2. Evidence for NHE-1 inhibitors as anti-inflammatory agents in lung injury is provided in the introduction along with Figure 1.
3. Chemical shifts fort C13-NMR were rounded to one digit after the decimal point.
4. The times of technical repeats is added in all tables and figures.
5. The NHE-1 inhibition value for compound 3b in Table 1 is corrected.
6. Dosage of 4a and 4b is added to the Table 2.
7. Technical repeatys and error values are added to the Table 3.
8. Statistical significance is provided in figure captions.
9. Scale bars are added to Figures 8 and 9.
Reviewer 2 Report
The authors synthesized new derivatives of guanidine derivatives of quinazoline-2,4(1H,3H)-dione and evaluated their NHE-1 inhibitory and anti-inflammatory effects, including in vivo results. The derivatives of quinazoline-2,4(1H,3H)-dione has described their effects in a previous paper by the authors. As discussed in this paper in relation to previous results, this paper contains important results on compound structure of derivatives of quinazoline-2,4(1H,3H)-dione and the effects they produce, and therefore this manuscript contain content appropriate for this journal "Life". However, the authors would like the following points to be considered.
1)In the introduction, the authors do not state why they use quinazoline-2,4(1H,3H)-dione compounds. It may be written in Reference 1, but it is too brief in this paper and that should be described in more detail.
2)The significance of inhibiting NHE-1 should be more detailed in the introduction.
3)The reason for examining Br-substituted compounds is explained as "to balance highly charged guanidine side chains." (line 166-167) But, does introducing bromine into the molecule resolve the charge bias? The authors should explain it in more detail.
Minor errors:
Line 181, table 3 should be table 1.
In table 1, about the number of NHE-1 inhibition of Amiloride, commas should be periods.

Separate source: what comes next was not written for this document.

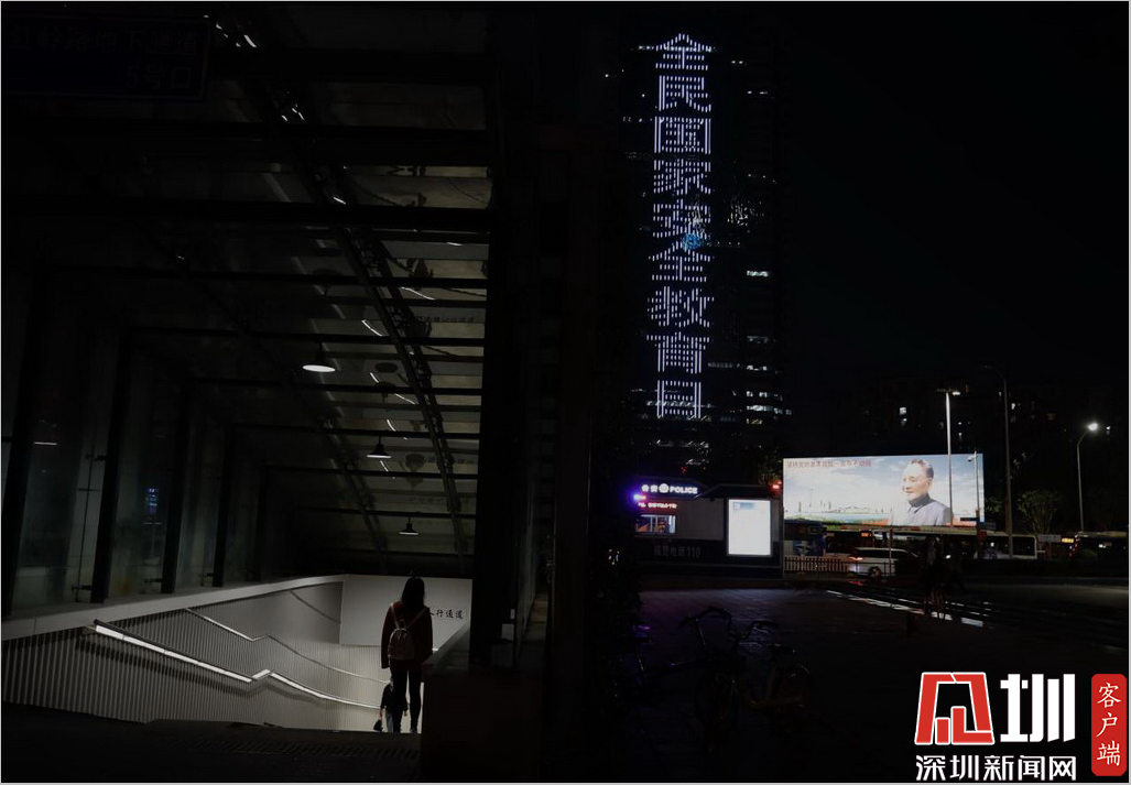 羅湖區(qū)新聞大廈亮出“全民國家安全教育日”字眼。

line 281, please correct Figure??.
line 329, please check "agents agents"
Author Response
We wnat to thank the reviewer for kind attention to our paper. Please find our response below.

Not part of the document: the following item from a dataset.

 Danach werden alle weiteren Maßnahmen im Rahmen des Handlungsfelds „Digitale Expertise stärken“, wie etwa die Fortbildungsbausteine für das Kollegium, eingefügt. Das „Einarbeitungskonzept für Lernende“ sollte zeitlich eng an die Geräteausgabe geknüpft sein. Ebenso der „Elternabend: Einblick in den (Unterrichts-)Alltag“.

- Rationale behind using quinazoline-2,4(1H,3H)-dione is added to the introduction section.
- Importance of NHE-1 inhibition is provided in the introduction now.
- Reason for bromine introduction to 3b and 4b is added in place.
- Minor errors were fixed, thank you very much for pointing them out
Round 2
Reviewer 1 Report
After the authors’ revision, the quality of this paper was significantly improved, and could reach the required quality standard for Life in my opinion. I suggest accepting it without further revision.
Reviewer 2 Report
The points I raised previously have been appropriately corrected.
Therefore, this article is acceptable.